[Task requirements]:
Every entry below should be reproduced exactly; no picture is to be included.

[Data section]:
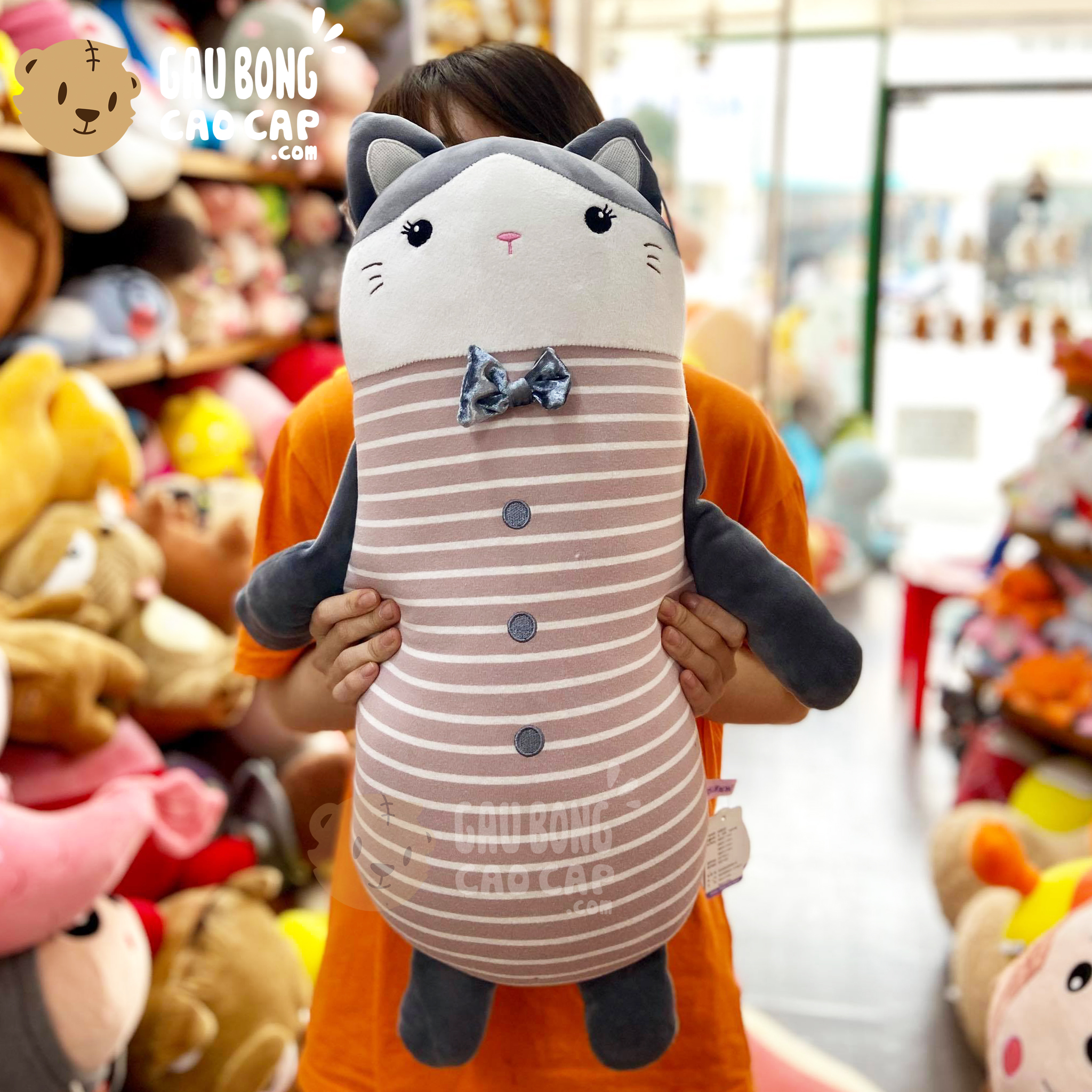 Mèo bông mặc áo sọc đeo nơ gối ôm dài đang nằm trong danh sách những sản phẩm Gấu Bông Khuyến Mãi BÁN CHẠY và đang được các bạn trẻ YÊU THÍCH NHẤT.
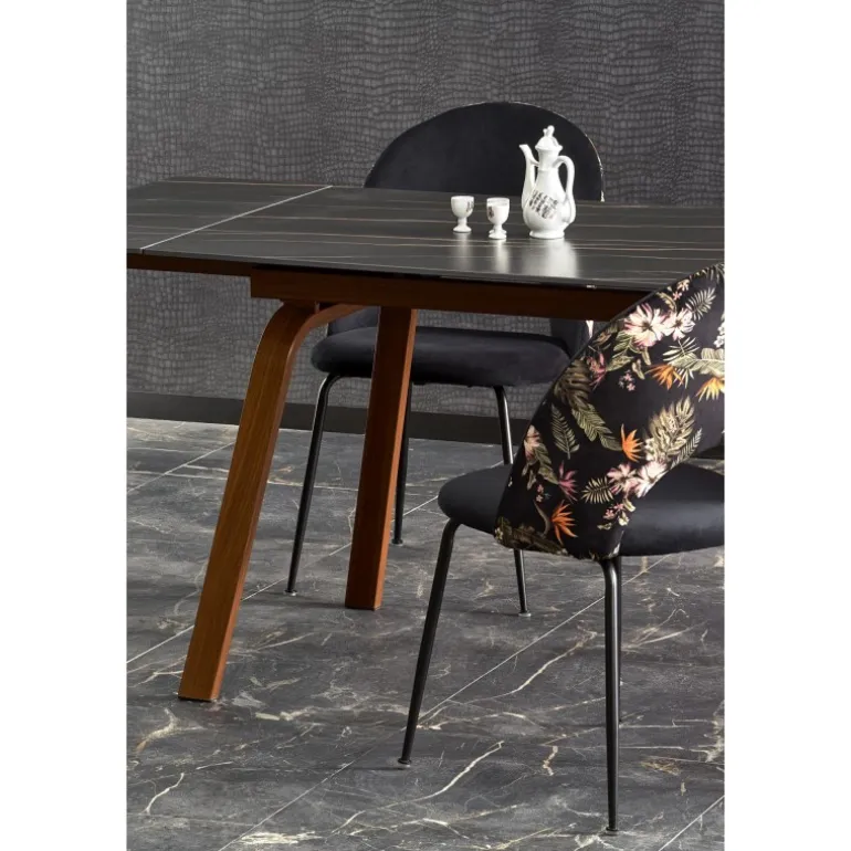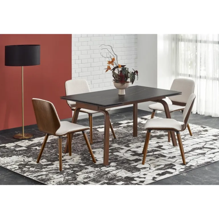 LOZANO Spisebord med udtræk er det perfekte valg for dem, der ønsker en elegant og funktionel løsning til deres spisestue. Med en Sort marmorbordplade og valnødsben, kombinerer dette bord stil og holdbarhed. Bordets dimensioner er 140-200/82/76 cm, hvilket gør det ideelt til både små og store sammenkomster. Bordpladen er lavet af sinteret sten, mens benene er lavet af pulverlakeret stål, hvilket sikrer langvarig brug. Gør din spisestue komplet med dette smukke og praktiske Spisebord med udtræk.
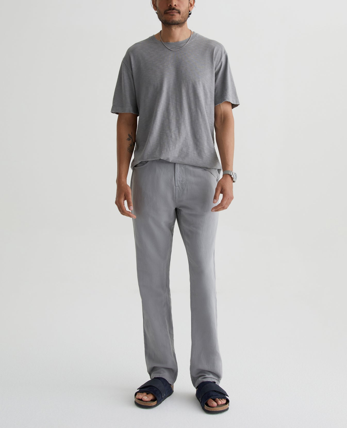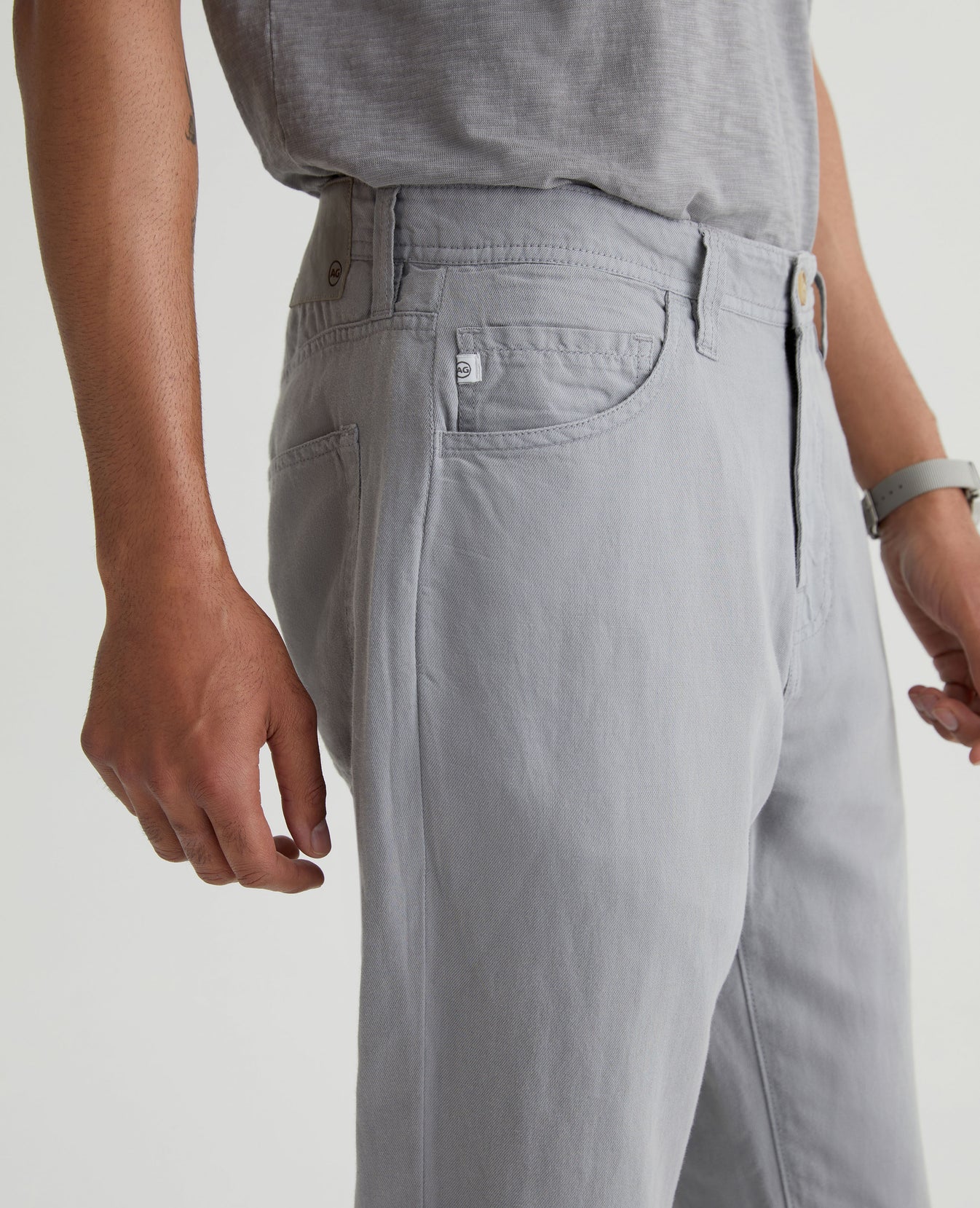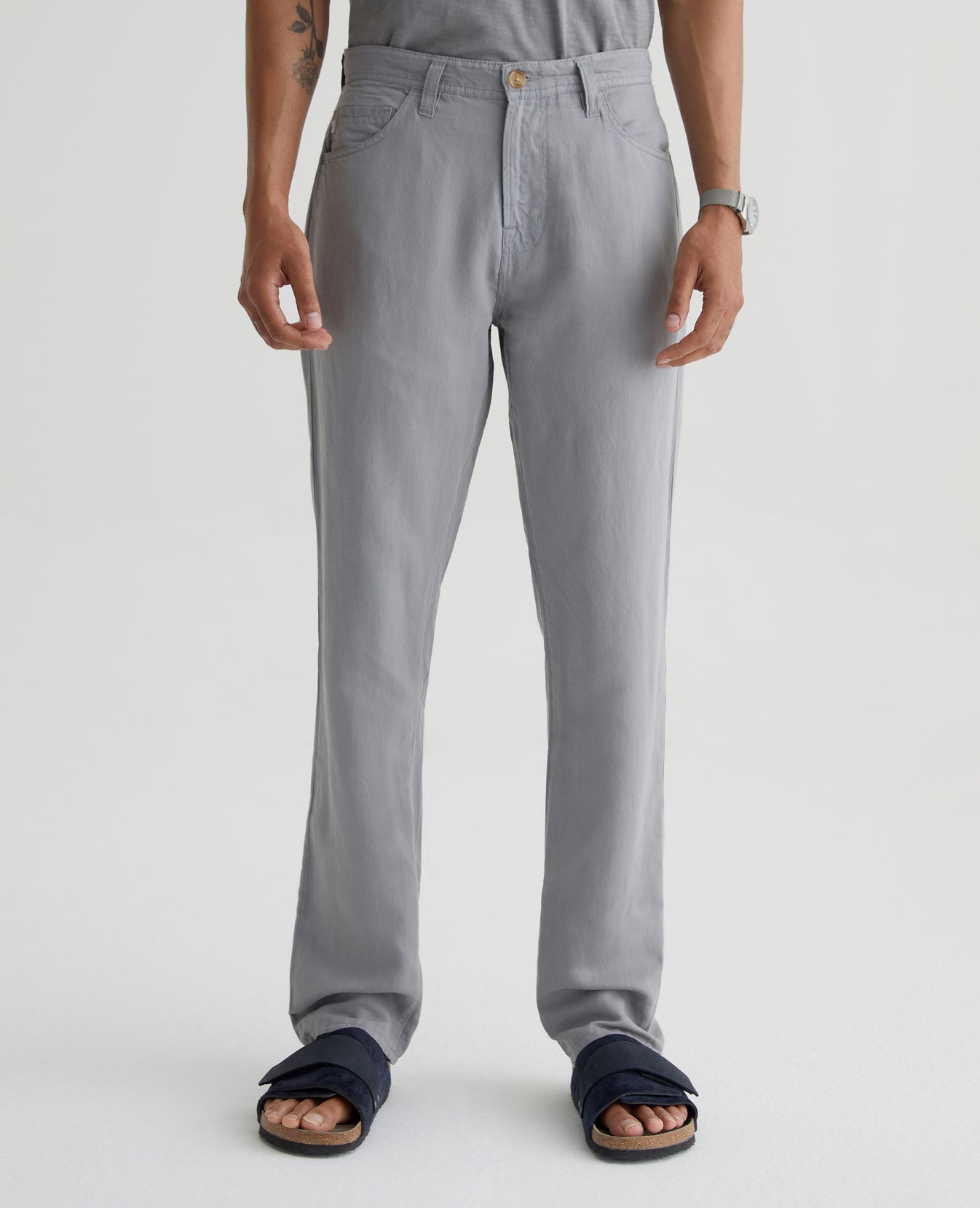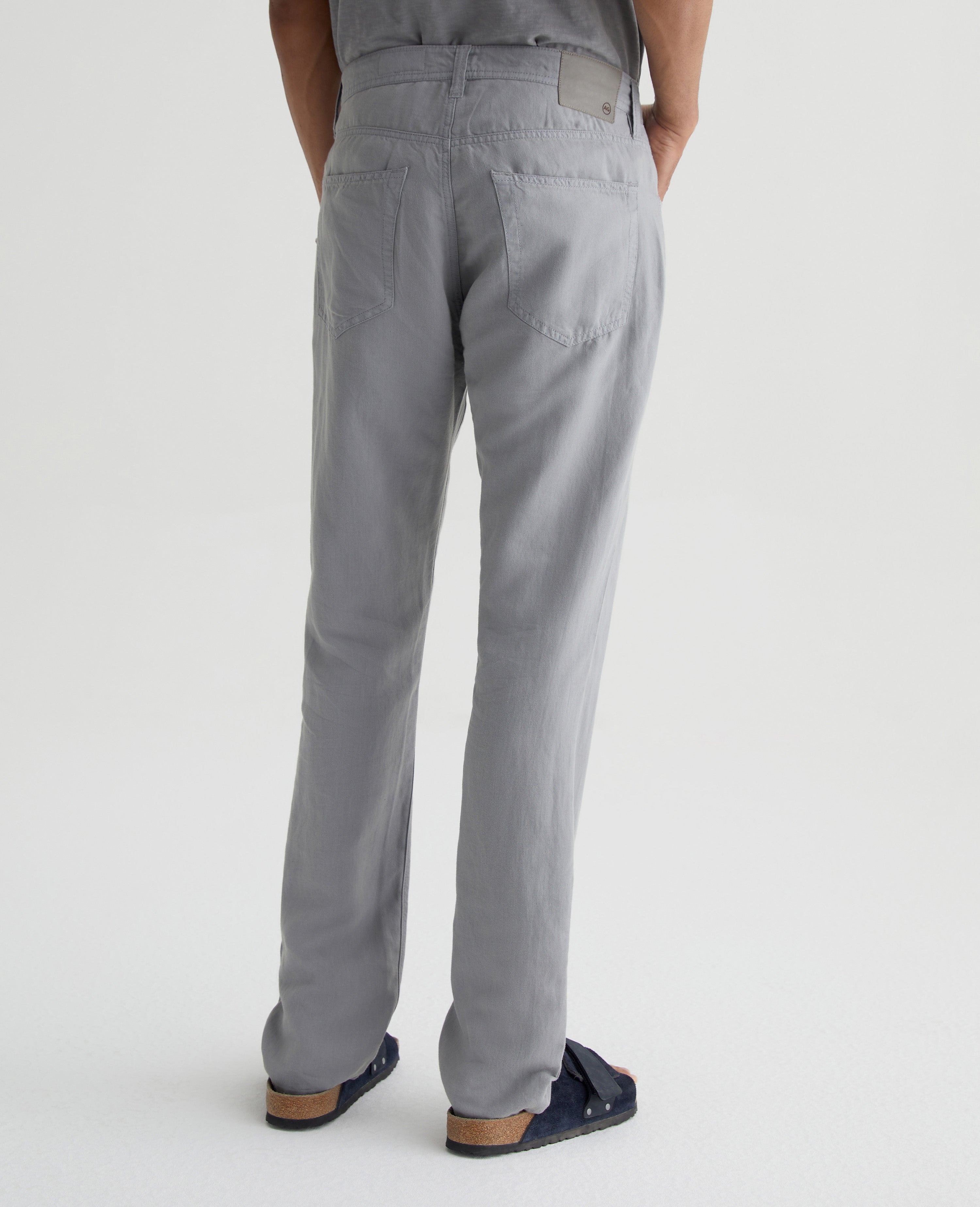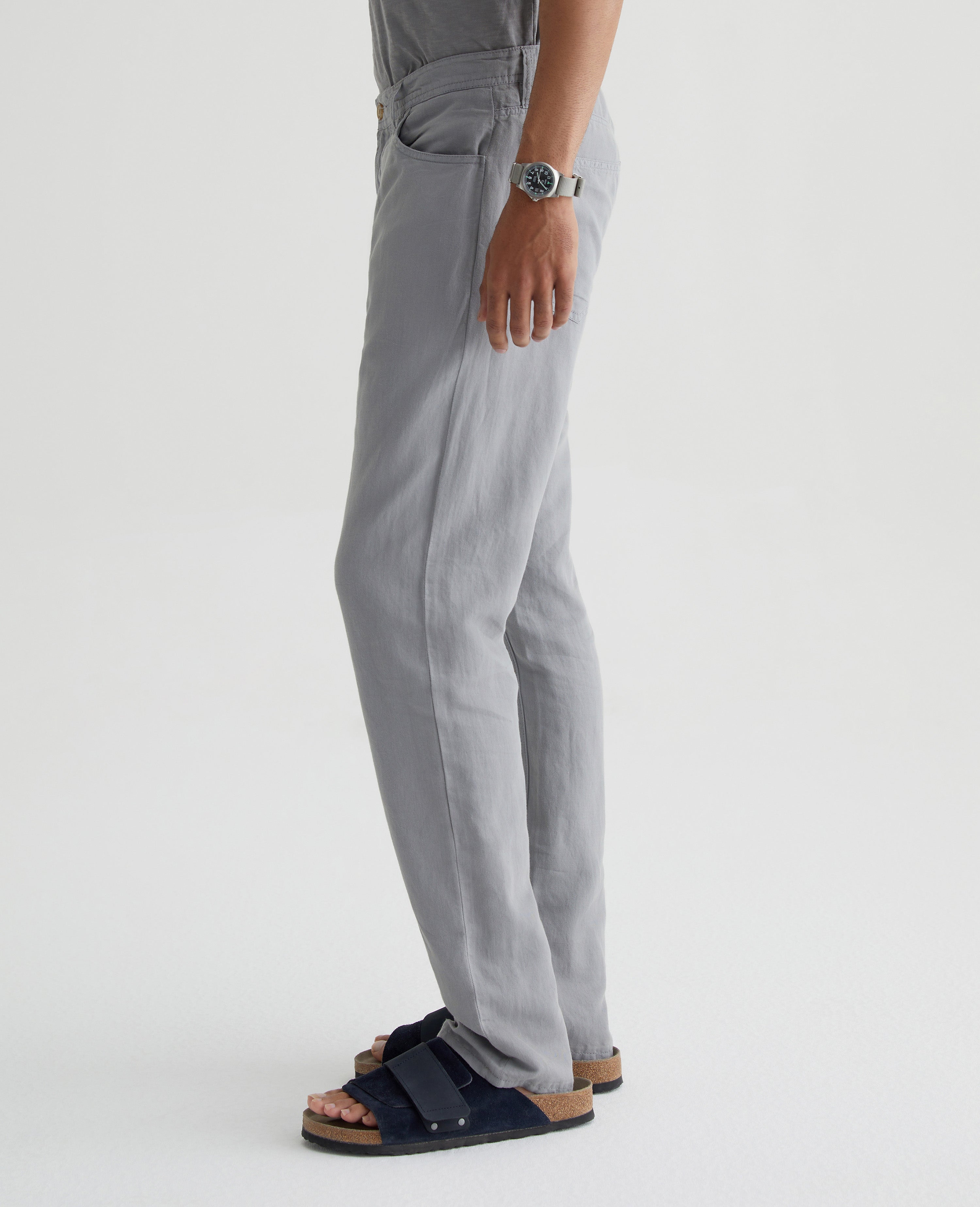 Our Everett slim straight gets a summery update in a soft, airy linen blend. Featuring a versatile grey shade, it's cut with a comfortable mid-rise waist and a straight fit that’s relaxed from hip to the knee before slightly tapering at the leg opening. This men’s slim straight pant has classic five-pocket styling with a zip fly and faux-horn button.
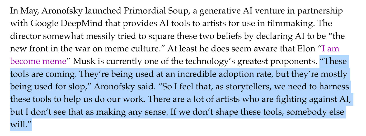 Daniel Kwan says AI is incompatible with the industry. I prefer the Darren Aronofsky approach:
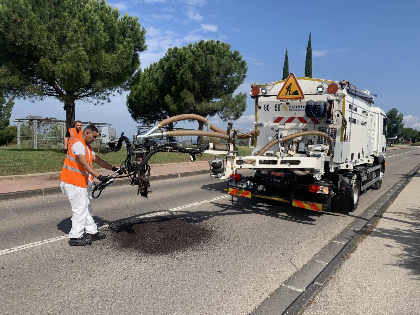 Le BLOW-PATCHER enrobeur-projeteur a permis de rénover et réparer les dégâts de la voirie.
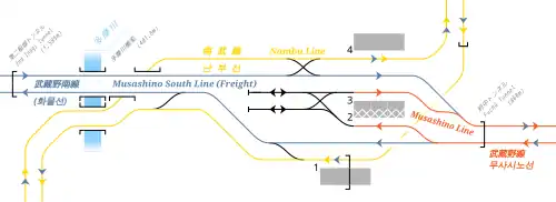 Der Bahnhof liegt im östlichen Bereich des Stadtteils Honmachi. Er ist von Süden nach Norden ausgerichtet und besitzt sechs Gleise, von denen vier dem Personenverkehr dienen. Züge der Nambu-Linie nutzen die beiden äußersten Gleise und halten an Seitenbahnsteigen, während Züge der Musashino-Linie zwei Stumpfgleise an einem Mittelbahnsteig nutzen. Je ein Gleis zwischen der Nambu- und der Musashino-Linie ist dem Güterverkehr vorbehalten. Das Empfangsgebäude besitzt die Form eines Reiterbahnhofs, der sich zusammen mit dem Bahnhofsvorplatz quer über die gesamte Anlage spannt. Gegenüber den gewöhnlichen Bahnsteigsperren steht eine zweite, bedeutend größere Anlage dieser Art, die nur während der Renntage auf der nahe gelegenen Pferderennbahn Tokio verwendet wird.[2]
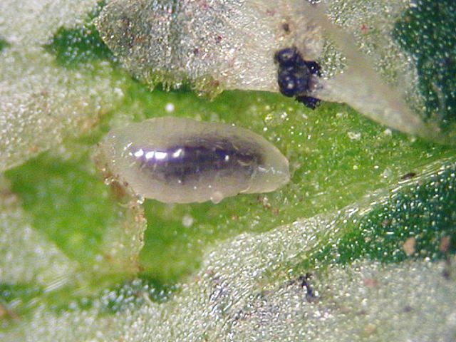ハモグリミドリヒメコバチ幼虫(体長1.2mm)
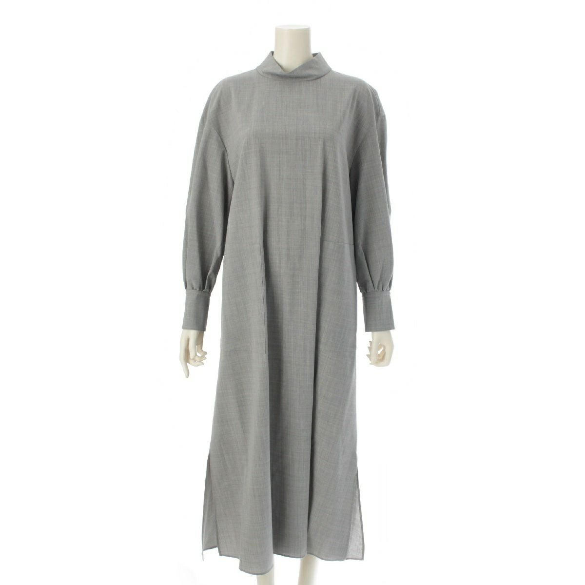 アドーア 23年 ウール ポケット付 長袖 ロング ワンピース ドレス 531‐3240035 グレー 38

[Response below]:
 Mèo bông mặc áo sọc đeo nơ gối ôm dài đang nằm trong danh sách những sản phẩm Gấu Bông Khuyến Mãi BÁN CHẠY và đang được các bạn trẻ YÊU THÍCH NHẤT.
 LOZANO Spisebord med udtræk er det perfekte valg for dem, der ønsker en elegant og funktionel løsning til deres spisestue. Med en Sort marmorbordplade og valnødsben, kombinerer dette bord stil og holdbarhed. Bordets dimensioner er 140-200/82/76 cm, hvilket gør det ideelt til både små og store sammenkomster. Bordpladen er lavet af sinteret sten, mens benene er lavet af pulverlakeret stål, hvilket sikrer langvarig brug. Gør din spisestue komplet med dette smukke og praktiske Spisebord med udtræk.
 Our Everett slim straight gets a summery update in a soft, airy linen blend. Featuring a versatile grey shade, it's cut with a comfortable mid-rise waist and a straight fit that’s relaxed from hip to the knee before slightly tapering at the leg opening. This men’s slim straight pant has classic five-pocket styling with a zip fly and faux-horn button.
 Daniel Kwan says AI is incompatible with the industry. I prefer the Darren Aronofsky approach:
 Le BLOW-PATCHER enrobeur-projeteur a permis de rénover et réparer les dégâts de la voirie.
 Der Bahnhof liegt im östlichen Bereich des Stadtteils Honmachi. Er ist von Süden nach Norden ausgerichtet und besitzt sechs Gleise, von denen vier dem Personenverkehr dienen. Züge der Nambu-Linie nutzen die beiden äußersten Gleise und halten an Seitenbahnsteigen, während Züge der Musashino-Linie zwei Stumpfgleise an einem Mittelbahnsteig nutzen. Je ein Gleis zwischen der Nambu- und der Musashino-Linie ist dem Güterverkehr vorbehalten. Das Empfangsgebäude besitzt die Form eines Reiterbahnhofs, der sich zusammen mit dem Bahnhofsvorplatz quer über die gesamte Anlage spannt. Gegenüber den gewöhnlichen Bahnsteigsperren steht eine zweite, bedeutend größere Anlage dieser Art, die nur während der Renntage auf der nahe gelegenen Pferderennbahn Tokio verwendet wird.[2]
ハモグリミドリヒメコバチ幼虫(体長1.2mm)
 アドーア 23年 ウール ポケット付 長袖 ロング ワンピース ドレス 531‐3240035 グレー 38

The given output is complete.